Mais c'est évident que c'est un débat qui est extrêmement important parce qu'il y a de la souffrance très grande qui provient de troubles mentaux incurables. Mais vous savez tous les débats : Jusqu'où l'incurabilité? Jusqu'où le désir de mort peut faire partie de la maladie versus être objectivable? Extrêmement complexe. On a débroussaillé énormément, on a eu des présentations extraordinaires, mais, au bout du compte, il n'y avait pas le niveau de confort pour y aller.

Mais, si on était juste sur le critère de la souffrance, là, je veux juste qu'on soit clairs là-dessus, ce serait de l'aide médicale à mourir sur demande en toutes circonstances pour toute personne, là. Une personne qui est tannée de vivre, est-ce qu'on... Ça fait que, vous voyez, c'est pour ça qu'il faut quand même être très prudents quand on élargit. Qu'est-ce qu'on veut atteindre avec ça puis où est le consensus social? Hello.

Mme O'Malley (Olivia) : Hi. So, you would like to see severely handicaped be added to Bill 28?

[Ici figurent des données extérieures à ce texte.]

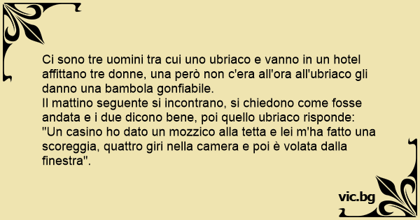 Ci sono tre uomini tra cui uno ubriaco e vanno in un hotel affittano tre donne, una però non c'era all'ora all'ubriaco gli danno una bambola gonfiabile.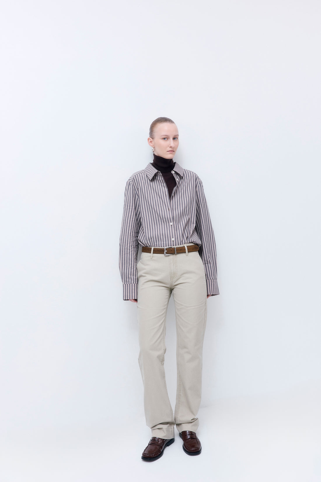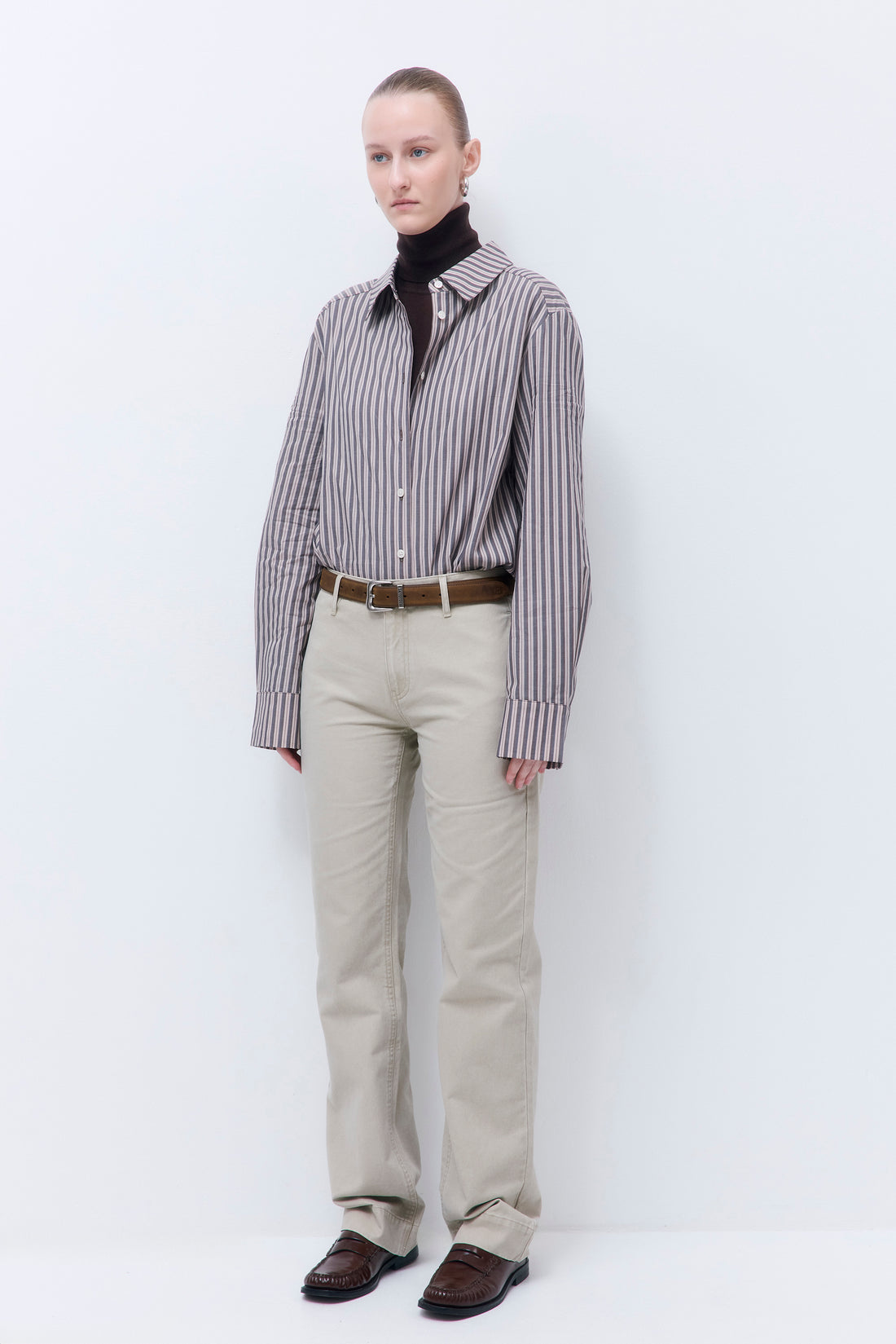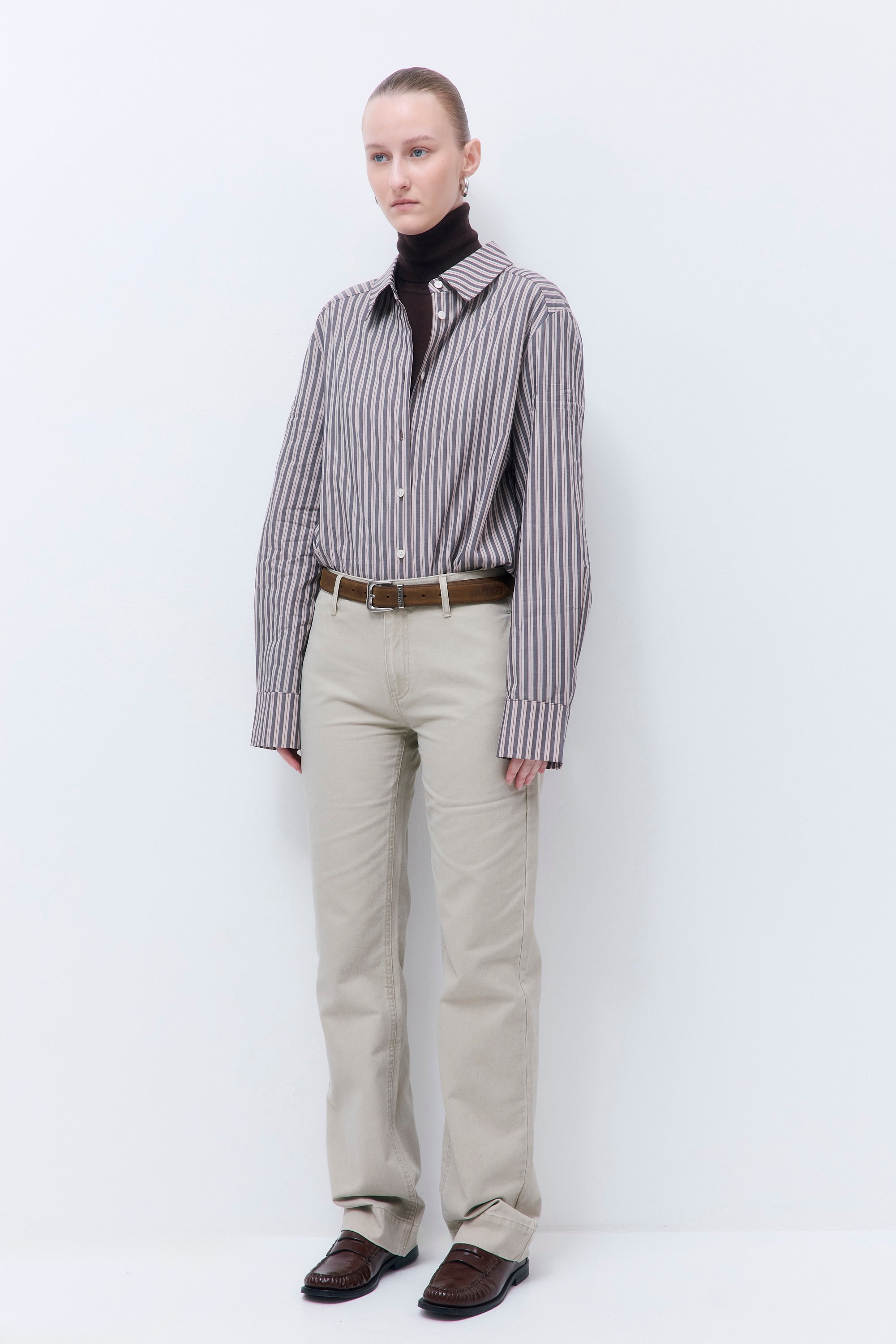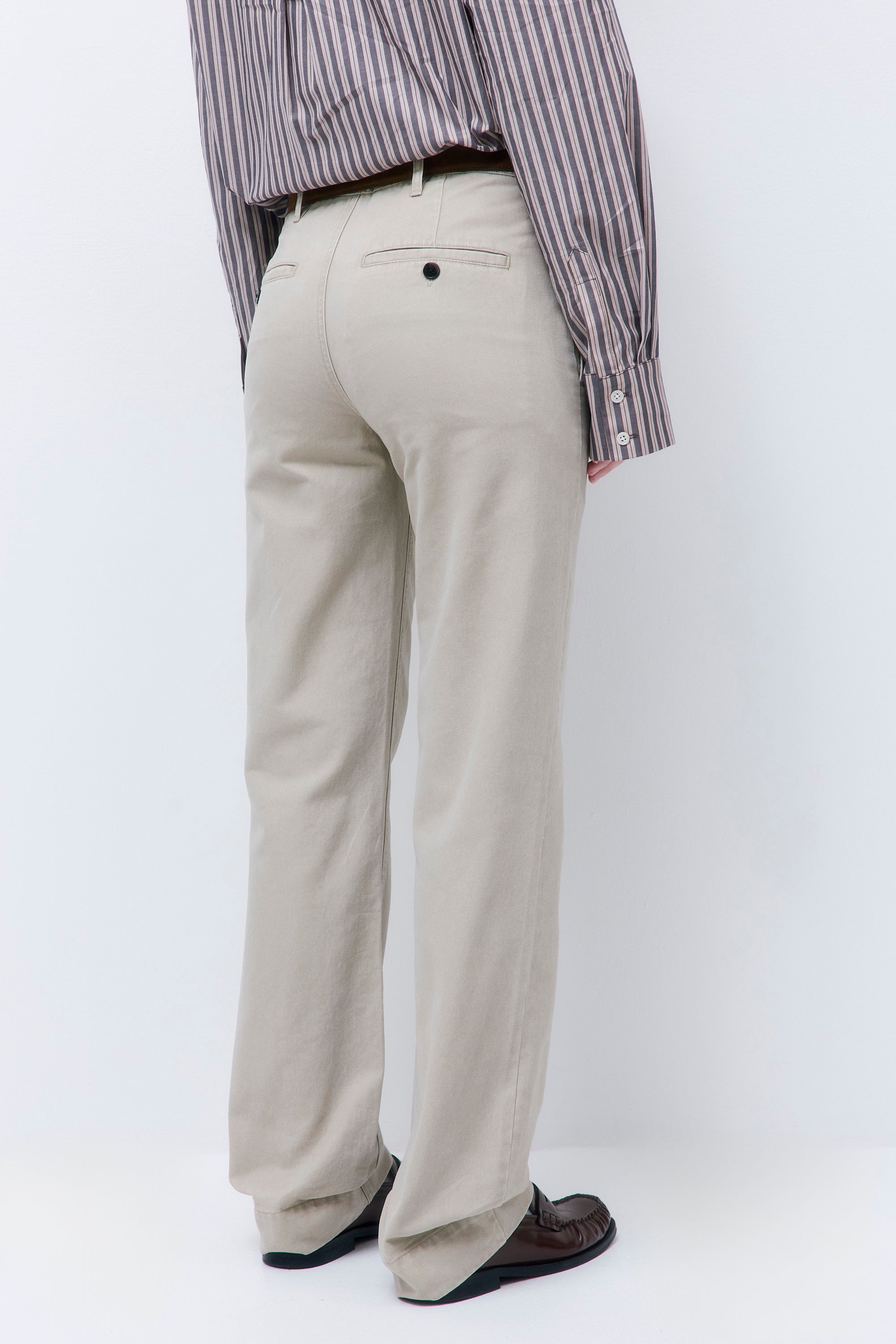 Effortless style, every step of the way. Mid rise, straight leg pants. Detailed with double stitching and side slit pockets. Back welt pockets. Featuring a tonal embroidered logo on the backside, and contrasting, logo engraved buttons. Finished with a concealed hook closure for a seamless front. Pair it with our new, matching Washed Oversized Barn Jacket and our iconic Oval Sunglasses for the ultimate monochromatic look.

Mme Hivon : No. What I'm saying is that this needs a debate on its own, because it's a totally new issue. It wasn't debated in the report that we tabled back in December. It was not in the mandate, even, that the committee had. So, we had to focus on advanced requests in cases of inability to consent and on health... on «troubles mentaux», mental health issues. But this wasn't an issue that had to be debated. So, the surprise, today, is that it's included in the bill. And what we want is this to be able to have its' own debate. And if we have it in the course of this bill, we're really worried that we won't be able to make it, because it needs a whole new set of debates with people, with experts, with community groups that represent handicaped people.

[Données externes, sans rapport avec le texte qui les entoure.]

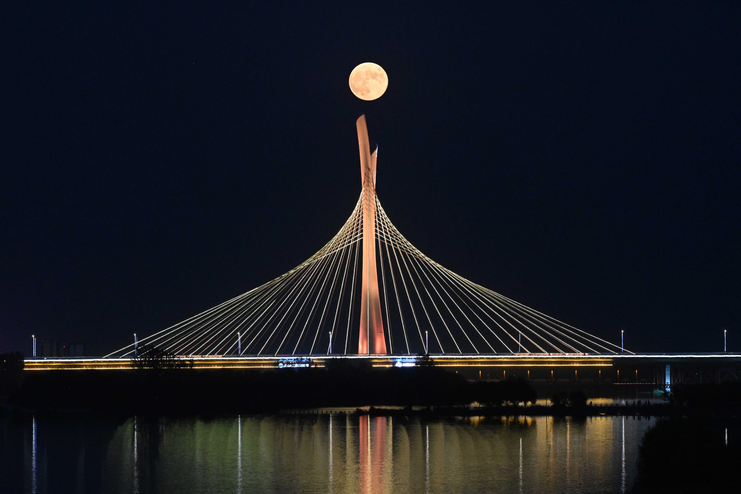 في الصورة الملتقطة منظر البدر فوق جسر نهر هوتوه الكبير في مدينة شيجياتشوانغ، حاضرة مقاطعة خبي بشمالي الصين.
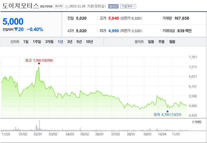 도이치모터스는 자동차 기업으로 주가는 5,000원이며 전일 대비 -0.40%의 모습을 보이고 있습니다. 도이치모터스의 주주현황을 살펴보면 권오수(외 2인)이 지분 33.65%를 소유하고 있습니다. 도이치모터스의 시가 총액은 1609억 원이며 발행 주식수는 32,181,550주 입니다. 외국인 보유 비중은 5.31% 이며 장중 거래량은 167,658를 기록했습니다. 매출액은 16,168억 원, 영업이익은 648억 원을 달성했습니다. EPS는 374원이며 도이치모터스 주식 배당수익률은 7.20% 입니다.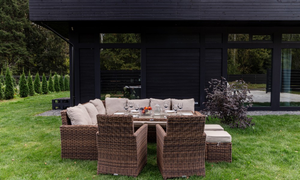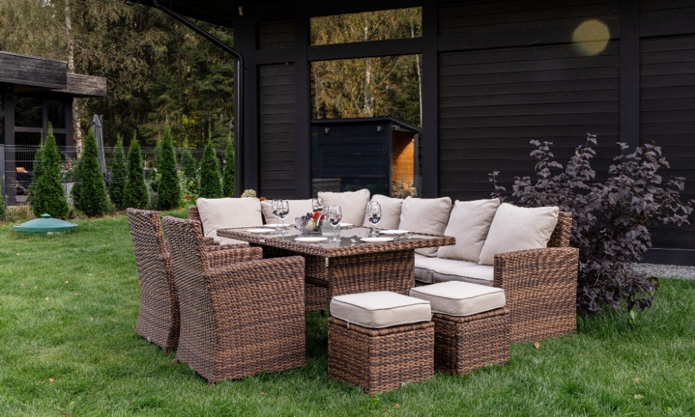Материал комплекта - искусственный ротанг (ручного плетения)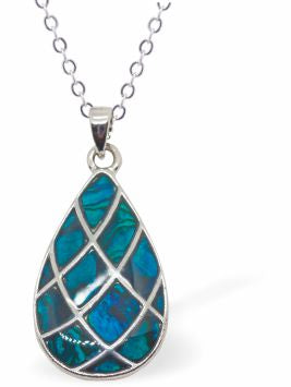 SKU: P235Original price £3.75 - Original price £3.75Original price£3.75£3.75 - £3.75Current price £3.75| /Natural Paua Shell Classic Drop Necklace 30 mm in size - 18" Chain Rhodium Plated, hypoallergenic Nickel, Lead and Cadmium free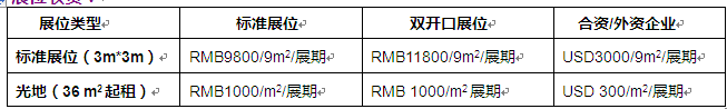 標(biāo)準(zhǔn)展位: (3M×3M)展位(包括三面圍板、楣板、一桌二椅、220V電源插座、清潔費(fèi)等)。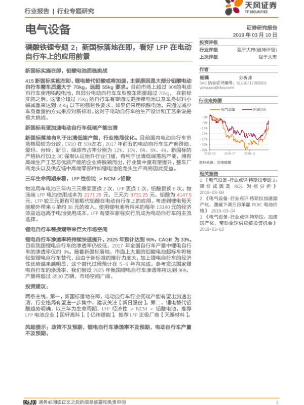 【天风证券】【20190310】电气设备行业专题研究:磷酸铁锂专题2:新国标落地在即,看好LFP在电动自行车上的应用前景-8页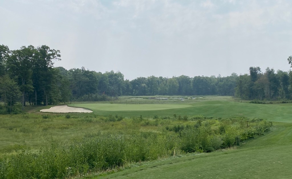 Although the routing of the course makes for some long distances between greens and tees (and reduces walkability), the flow of the routing is smooth and logical. There are three par-5s on the par-37 front nine, and just one on the par-35 back nine. Like the Dutch 18, the main defense is those par 5s, which heave and twist as they skirt the edges of wetlands and woods.

Mme O'Malley (Olivia) : Do you think it'll be a deal breaker for you or your party to going into two weeks from now in its vote?

Mme Hivon : It's not a question of a deal breaker, it's a question of being realistic and do we really want to achieve what we worked on so hard in this report that we tabled with a lot of serious work and 11 recommendations. I think this is the focus we have to have when there is only two weeks left.